## To do:
Copy each line, word for word, from the one with "推进医养结合是优化老年健康和" through the final line of the listing, but skip the pictures.

[Opening Source data section]

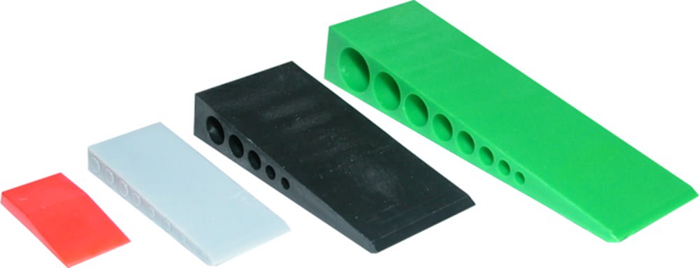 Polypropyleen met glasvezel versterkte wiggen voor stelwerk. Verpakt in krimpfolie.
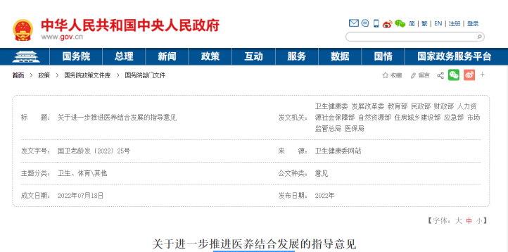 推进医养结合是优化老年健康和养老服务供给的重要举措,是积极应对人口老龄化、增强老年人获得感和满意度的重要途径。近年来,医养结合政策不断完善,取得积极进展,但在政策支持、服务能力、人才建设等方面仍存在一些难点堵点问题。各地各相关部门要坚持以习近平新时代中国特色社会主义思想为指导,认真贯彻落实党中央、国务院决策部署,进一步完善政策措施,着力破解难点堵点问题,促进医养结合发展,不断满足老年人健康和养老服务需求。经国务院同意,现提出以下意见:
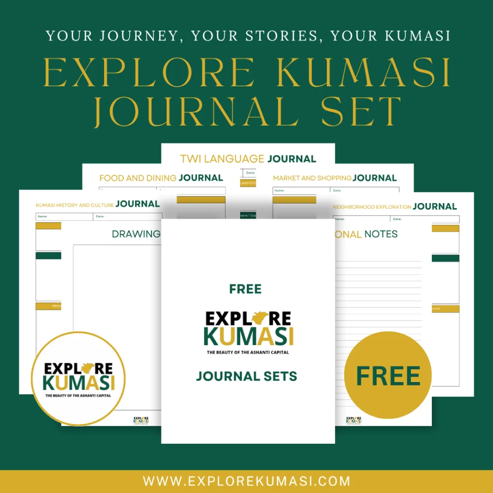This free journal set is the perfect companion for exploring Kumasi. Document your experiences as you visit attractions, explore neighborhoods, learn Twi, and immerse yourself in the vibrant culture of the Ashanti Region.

[Closing Source data section]

## Solved problem:
 推进医养结合是优化老年健康和养老服务供给的重要举措,是积极应对人口老龄化、增强老年人获得感和满意度的重要途径。近年来,医养结合政策不断完善,取得积极进展,但在政策支持、服务能力、人才建设等方面仍存在一些难点堵点问题。各地各相关部门要坚持以习近平新时代中国特色社会主义思想为指导,认真贯彻落实党中央、国务院决策部署,进一步完善政策措施,着力破解难点堵点问题,促进医养结合发展,不断满足老年人健康和养老服务需求。经国务院同意,现提出以下意见:
This free journal set is the perfect companion for exploring Kumasi. Document your experiences as you visit attractions, explore neighborhoods, learn Twi, and immerse yourself in the vibrant culture of the Ashanti Region.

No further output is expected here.